Resistance to insulin-mediated glucose disposal was determined by a modification16 of the insulin suppression test.17 Each research subject received a continuous infusion of somatostatin (5 µg/min IV), insulin (25 mU · m-2 · min-1), and glucose (240 mg · m-2 · min-1) via an indwelling polytetrafluoroethylene catheter in a superficial antecubital vein. Venous blood samples were obtained from a similar catheter inserted in a contralateral antecubital vein kept open with a 0.9% NaCl infusion containing 20 meq/L KCl. The continuous infusion was given for 180 minutes, and blood was obtained before and at 30, 60, 90, 120, 150, 160, 170, and 180 minutes after starting the infusion for measurement of plasma glucose and insulin. The mean value of the four measurements made during the last 30 minutes of the test was used to calculate the steady-state plasma insulin concentration and steady-state plasma glucose (SSPG) concentration. Since the steady-state plasma insulin levels are similar in all subjects, the SSPG concentration provides a measurement of insulin-mediated glucose disposal: the higher the SSPG, the more insulin resistant the research subject; the lower the SSPG, the more insulin sensitive the subject.

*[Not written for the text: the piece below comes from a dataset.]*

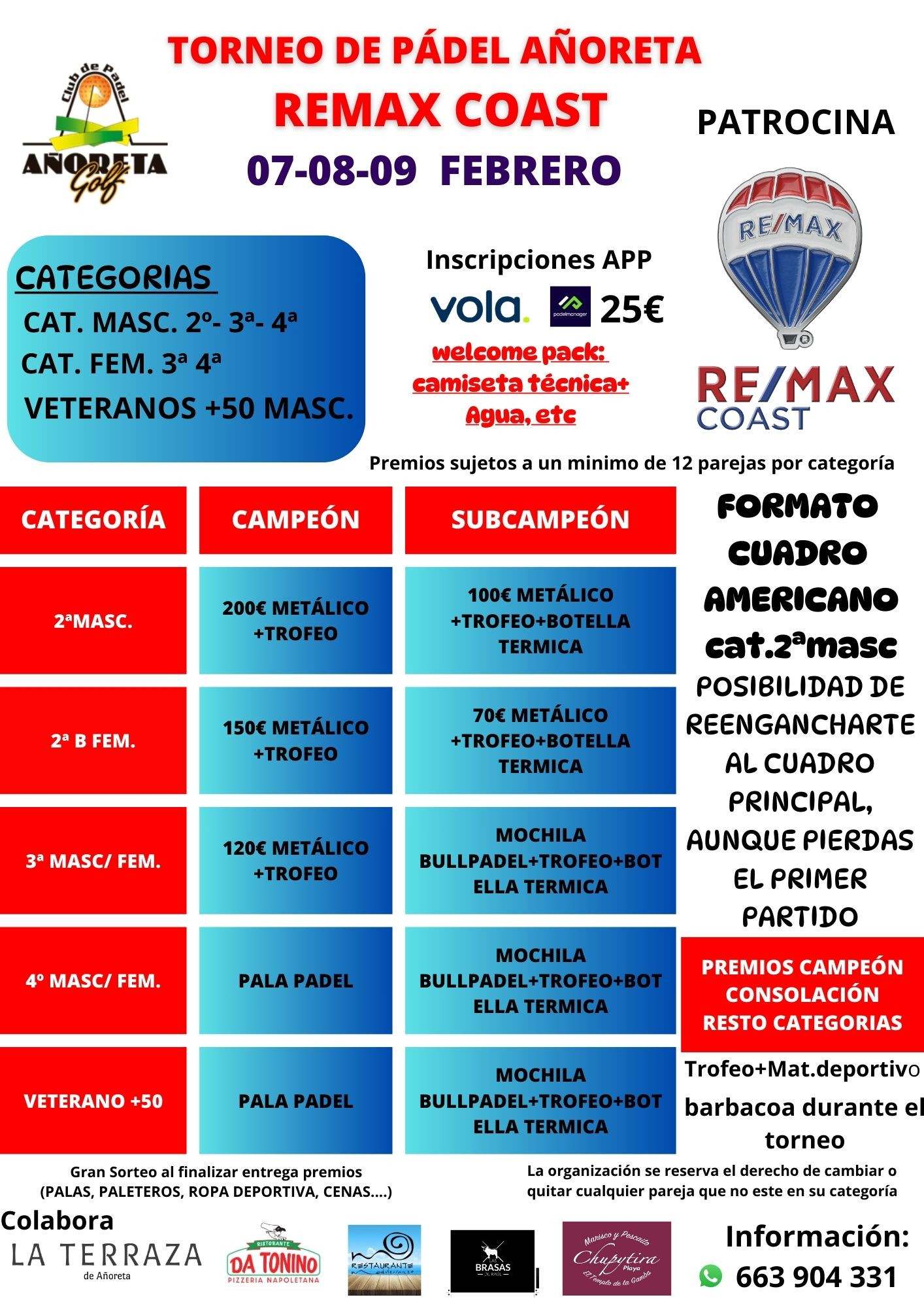 12º ANIVERSARIO PÁDEL AÑORETA/ 2º TORNEO DE PÁDEL ZERO WASTE ENERGY

Postprandial glucose, insulin, and lipoprotein metabolism was evaluated as follows. All subjects were served equicaloric test meals, containing (as percent of total calories) approximately 15% protein, 45% fat, and 40% carbohydrate. Subjects were given breakfast at 8 AM (20% of daily calories) and lunch at noon (40% of daily calories). After breakfast and lunch the subjects consumed only water or noncaloric decaffeinated beverages until the end of the study at midnight. Vitamin A (Aquasol A, Astra Pharmaceutical Products, Inc) 60 000 U/m2 body surface area was also given with lunch.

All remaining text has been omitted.